Taking a closer look to 2008-today formation:

-USD is in a steep uptrend (RSI overbought)
-There are 2 overhead resistance trendlines(black) currently at 86 and 88-89(top of trading range in pink).
-No new buy signal from Mass index at the beggining of the current upmove
-Mass index is starting to climb gradually.

So, for the time being we suspect that USD will stall at either 86 or 88-89 possibly along with a Mass index reading of >26.After that USD might retreat towards 79 or even 72-74.
We believe that 

  • In order for USD bulls to see a sustained USD rally above 89 first we need to have a downmove toeards the lower part of trading range along with a Mass index>26(buy signal)
  • In order for USD bears to see a breakdown of USD bellow 72 we need to see first a bounce of USD price at 86 or 89 along with a sell signal from Mass index during the current upmove and an absence of a Mass index buy signal during the following downmove.  

Bullish Scenario

Bearish Scenario

Wednesday, September 17, 2014

Various asset class prices in oil barrels and What do they reveal...

-"Oil makes the world go round"?
-Oil is the most valuable commodity for the entire economic activity worldwide.In the following charts we can see the price of various asset classes in oil barrels.Oil exporters are producing wealth with which they can buy different asset classes like precious and basic metals, equities or bonds.Let us now see in terms of oil barrels which of these assets are now expensive and which of them are cheap


Gold is currently expensive.Not a buy.
Platinum is fairly priced.Not a buy.

Palladium is expensive.Maybe a sell
Basic metals
Copper is relatively expensive.Not a buy.
Equities are fairly priced.Still not expensive but near a resistance line(middle horizontal line) and maybe that's why near a correction.
F)30 year Bond price
Bonds are still cheap and in a downtrend.However bonds might be ready to break the descending trendline from 1999 and start an uptrend.That would be another buy signal for bonds.

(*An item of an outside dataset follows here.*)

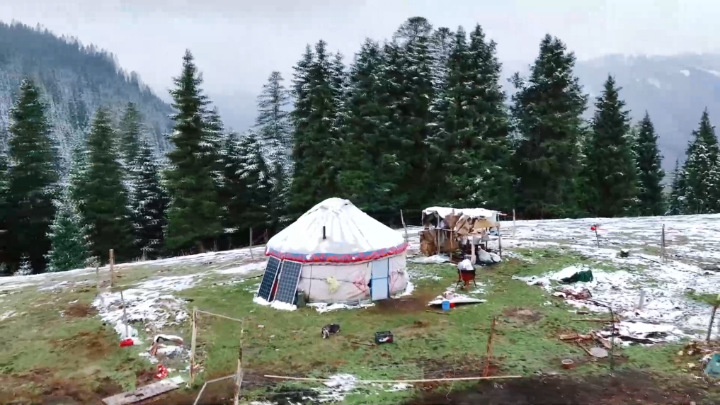 初雪悄然落下,轻柔拂过松枝,留下点点白痕。牛羊踏着薄雪悠然踱步,身影在雪色中格外灵动。白色毡房错落分布,在翻滚的云海间时隐时现,宛如仙境里的静谧居所。
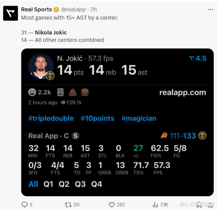 4.约基奇第31次15+助攻,其余中锋合计14次;

Let us now see what it would have happened if we had traded these assets when they were cheap(buy) or expensive(sell) in terms of oil barrels. 
Not bad at all!We can see that in many cases buying or selling various asset classes based on their historical oversold or overbought condition in terms of oil barrels  is an interesting although relatively long-term market timing strategy.